Sunday, September 2, 2018

Financial auditing framework unveiled for informal, unlisted businesses

Minister of Industry and Commerce Rishad Bathiudeen receives a copy of Sri Lanka Auditing Standard (SLAuS) for the Audits of Non – Specified Business Enterprises (Non-SBEs) from CA Sri Lanka immediate Past President Lasantha Wickremasinghe in Colombo as President of CA Sri Lanka Jagath Perera and Chairman of CA Sri Lanka’s Audit Framework Subcommittee Sanath Fernando look on.

A pioneering financial auditing framework was unveiled for informal enterprises and unlisted businesses in Colombo on August 30.
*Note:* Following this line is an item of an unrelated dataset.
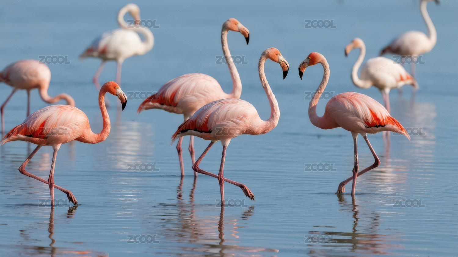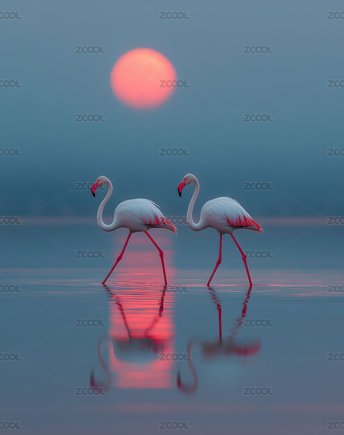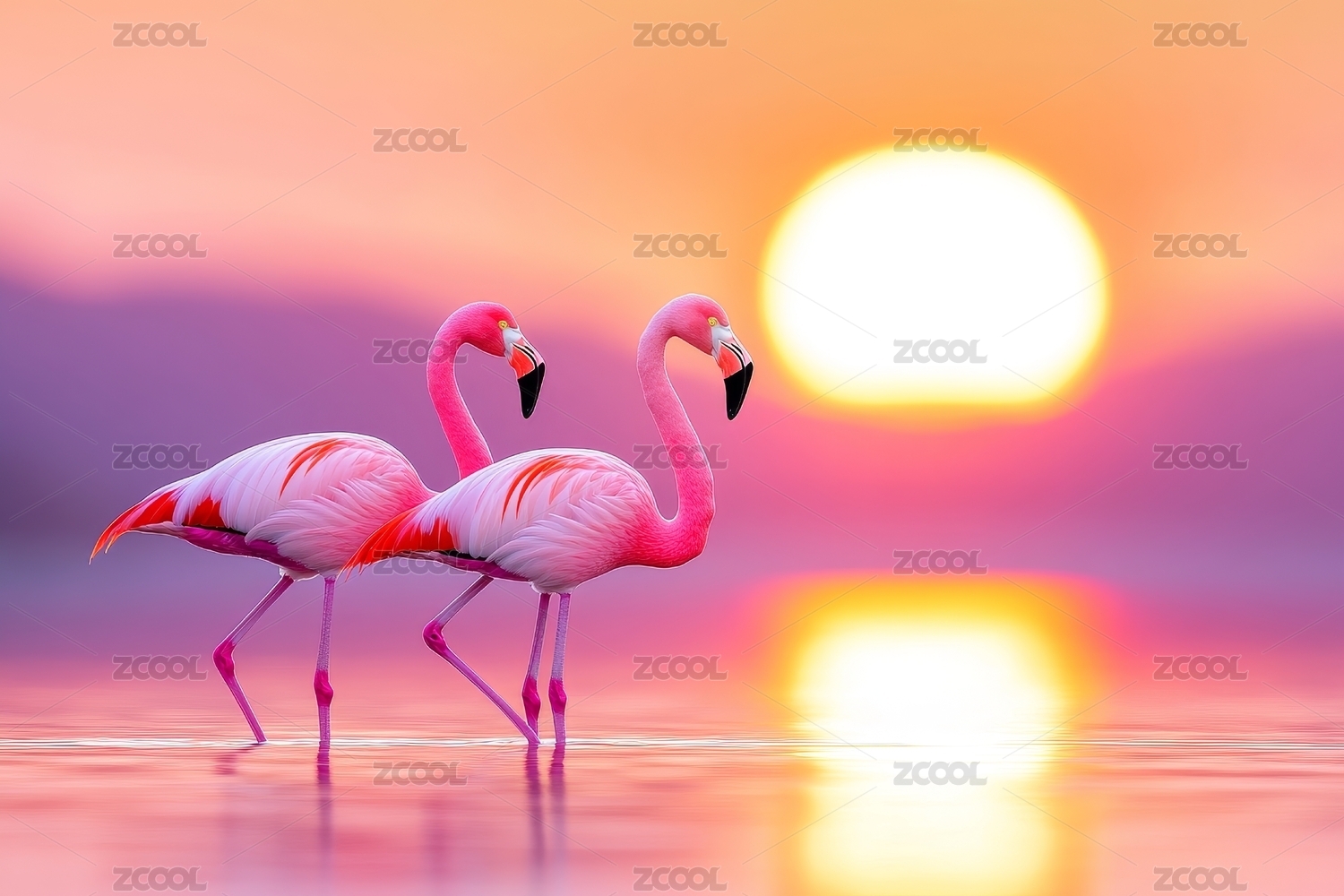 倒影,水面,环境,日落,火烈鸟,鸟类,野生动物,生态,美丽,黄昏

As a result of the new framework, more than one million registered SMEs and countless other unlisted businesses in Sri Lanka finally get their long awaited break to become credit worthy and receive access to finance by clearing the biggest obstacle they have been facing; inability to be officially audited and show a verified financial statement, despite maintaining their own bookkeeping. The latest audit framework, modelled on the famed Nordic SME auditing, now equips the informal economic sectors to be credit-worthy on their own with any Sri Lankan bank or other financial institution, finally ending the credit-cum-financing blockade that relentlessly plagued these sectors for many decades.

“Even the World Bank supports Sri Lanka’s initiatives to develop comparable national accounting and auditing frameworks,” the Minister of Industry and Commerce Rishad Bathiudeen said addressing the launch of Sri Lanka Auditing Standard (SLAuS) for the Audits of Non – Specified Business Enterprises (Non-SBEs) by the Chartered Accountants Sri Lanka at CA Sri Lanka office, Colombo.

Called as “Sri Lanka Auditing Standard (SLAuS) for the Audits of Non – Specified Business Enterprises (Non-SBEs)”, this is also the first ever such SME bookkeeping audit framework to be introduced anywhere in South Asia (Among examples of SBEs are public listed firms and firms handling public money such as Finance companies). CA Sri Lanka, observing the “adoption of Sri Lanka Accounting Standards (SLFRS) for SMEs was low due to their complexity”, has pioneered the non-SBE SLAuS. Since the International Standards on Auditing (the ISAs) globally used in today’s auditing have become more extensive, complex and therefore impractical for SMEs to use them, the simplified version for Sri Lankan small businesses by CA Sri Lanka called as “non-SBE SLAuS” was launched.

This stand-alone 60 page new SLAuS is a departure from the one-size-fits-all financial reporting and eases the complex reporting burden on private firms towards a practical and real-life framework, through a cost-benefit approach but with much less technical sophistication. This new SLAuS is modelled on similar auditing frameworks adopted by some Nordic countries. CA Sri Lanka believes that around 450 Lankan audit firms can start using the new “SLAuS for non-SBEs” on their clients from now on. The new SLAuS for non-SBEs is for unlisted firms/SMEs, and also for SMEs using “SLFRS for Smaller Entities”. SLFRS says any business with more than Rs 500 Mn annual revenue cannot use the SLFRS for Smaller Entities but have to go for SLFRS for SMEs or the full SLFRS. Therefore SBEs (Eg public listed firms and firms handling public money such as Financial institutions) should use the full SLFRS and not the “SLAuS for non-SBEs”. Chairman of CA Sri Lanka’s Audit Framework Subcommittee Sanath Fernando said that SMEs finally get their chance to become a formal entity-to be officially audited and receive a verified financial statement and as a result, for the first time to be ‘bankable’ with Lankan financial institutions.